> [TASK OBJECTIVE]:
Pictures are to be omitted; everything else in the data must be transcribed exactly.

> [DATA]:
★ ★ ★ ★

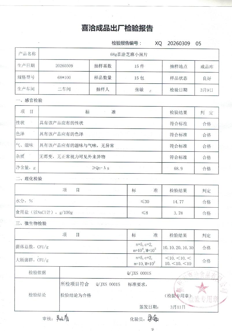 68g喜洽芝麻小辣片
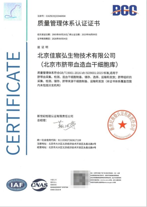 此次审核依据GB/T19001-2016 idt ISO9001:2015标准,审核范围包括脐带血采集、检测、造血干细胞制备、储存、选择、运输和发放等。评审组专家一致认为北京市脐血库质量管理体系符合准则和应用要求,质量体系运行持续有效。
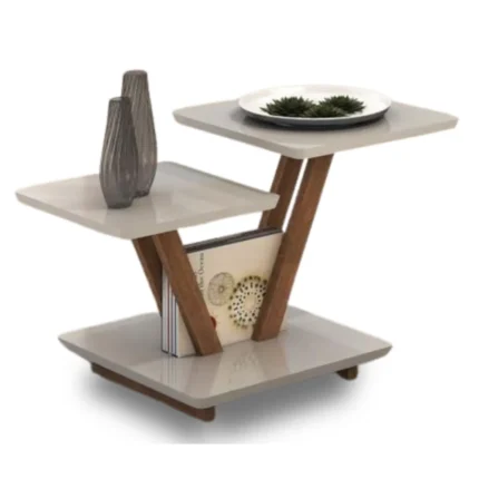 El diseño de la mesa incorpora múltiples niveles y espacios de almacenamiento, lo que la hace ideal para organizar objetos decorativos, libros, revistas, dispositivos electrónicos o incluso una laptop. La parte superior cuenta con una superficie amplia y firme, perfecta para colocar bebidas, floreros y otros elementos decorativos.
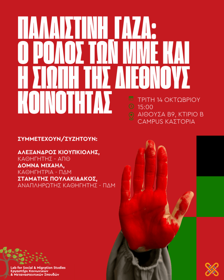 Το Εργαστήριο Κοινωνικών και Μεταναστευτικών Σπουδών της Σχολής Κοινωνικών και Ανθρωπιστικών Επιστημών του Πανεπιστημίου Δυτικής Μακεδονίας σάς προσκαλεί σε ανοικτή εδήλωση με τίτλο «Παλαιστίνη/Γάζα: Γενοκτονία,...
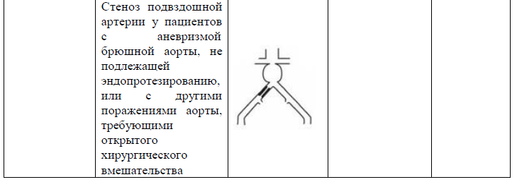 Окклюзия аорты; окклюзия общей и наружной подвздошной артерии; тяжелое диффузное поражение и/или малый диаметр (<6 мм) общей и наружной
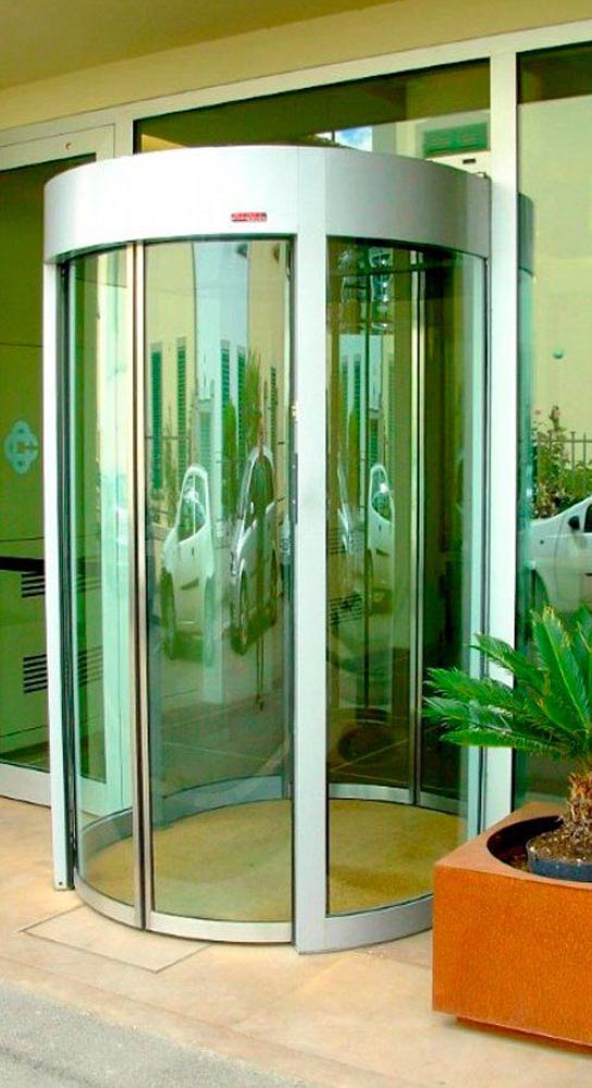 Автоматическая шлюзовая кабина овальной формы с двумя полукруглыми сдвижными дверьми и дополнительным боковым выходом производства компании Saima Sicurezza S.p.A. (Италия).
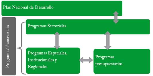 De conformidad con los artículos 25 y 26 Constitucionales, corresponde al Estado la rectoría del desarrollo nacional, garantizando que sea integral y sustentable, que vele por el fortalecimiento de la soberanía nacional y su régimen democrático, y que a través del fomento del crecimiento económico y una distribución equitativa del ingreso y la riqueza, se llegue al pleno ejercicio de la libertad y el respeto de las garantías consagradas en la Constitución Política de los Estados Unidos Mexicanos. Asimismo, de los artículos 22 y 23 de la Ley de Planeación se desprende que el Plan Nacional de Desarrollo indicará los distintos programas sectoriales, institucionales, regionales y especiales que coadyuvarán al desarrollo integral del país.
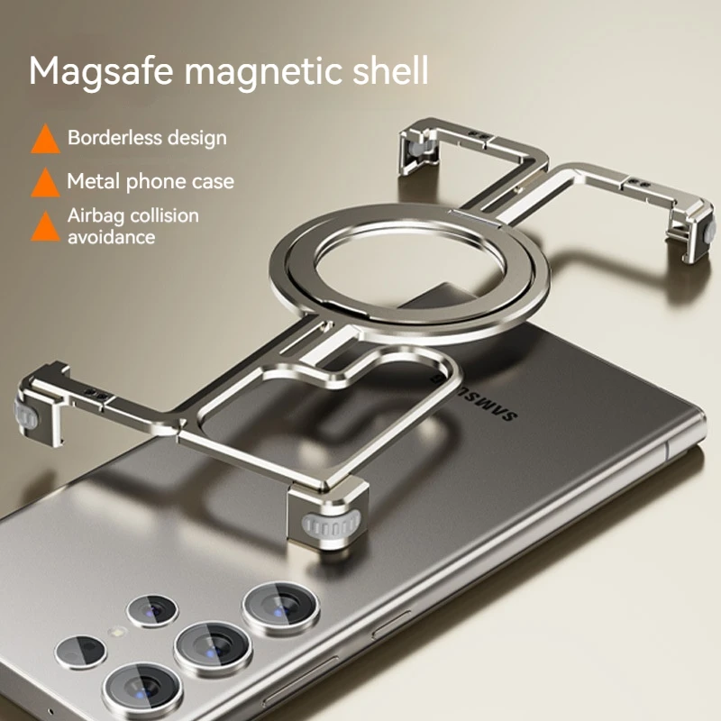 Magnetic Metal Bracket Phone Case For Samsung Galaxy S24 S23 Ultra Aluminum Alloy Frameless Bumper With Finger Ring Phone Cover
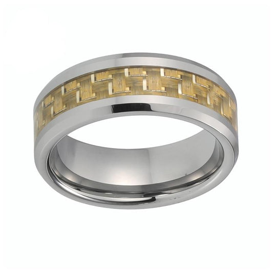 Yellow Carbon Fiber Inlay on Silver Coated Tungsten Carbide Ring

★ ★ ★ ★

> [TASK ANSWER]:
 68g喜洽芝麻小辣片
 此次审核依据GB/T19001-2016 idt ISO9001:2015标准,审核范围包括脐带血采集、检测、造血干细胞制备、储存、选择、运输和发放等。评审组专家一致认为北京市脐血库质量管理体系符合准则和应用要求,质量体系运行持续有效。
 El diseño de la mesa incorpora múltiples niveles y espacios de almacenamiento, lo que la hace ideal para organizar objetos decorativos, libros, revistas, dispositivos electrónicos o incluso una laptop. La parte superior cuenta con una superficie amplia y firme, perfecta para colocar bebidas, floreros y otros elementos decorativos.
 Το Εργαστήριο Κοινωνικών και Μεταναστευτικών Σπουδών της Σχολής Κοινωνικών και Ανθρωπιστικών Επιστημών του Πανεπιστημίου Δυτικής Μακεδονίας σάς προσκαλεί σε ανοικτή εδήλωση με τίτλο «Παλαιστίνη/Γάζα: Γενοκτονία,...
 Окклюзия аорты; окклюзия общей и наружной подвздошной артерии; тяжелое диффузное поражение и/или малый диаметр (<6 мм) общей и наружной
 Автоматическая шлюзовая кабина овальной формы с двумя полукруглыми сдвижными дверьми и дополнительным боковым выходом производства компании Saima Sicurezza S.p.A. (Италия).
 De conformidad con los artículos 25 y 26 Constitucionales, corresponde al Estado la rectoría del desarrollo nacional, garantizando que sea integral y sustentable, que vele por el fortalecimiento de la soberanía nacional y su régimen democrático, y que a través del fomento del crecimiento económico y una distribución equitativa del ingreso y la riqueza, se llegue al pleno ejercicio de la libertad y el respeto de las garantías consagradas en la Constitución Política de los Estados Unidos Mexicanos. Asimismo, de los artículos 22 y 23 de la Ley de Planeación se desprende que el Plan Nacional de Desarrollo indicará los distintos programas sectoriales, institucionales, regionales y especiales que coadyuvarán al desarrollo integral del país.
 Magnetic Metal Bracket Phone Case For Samsung Galaxy S24 S23 Ultra Aluminum Alloy Frameless Bumper With Finger Ring Phone Cover
 Yellow Carbon Fiber Inlay on Silver Coated Tungsten Carbide Ring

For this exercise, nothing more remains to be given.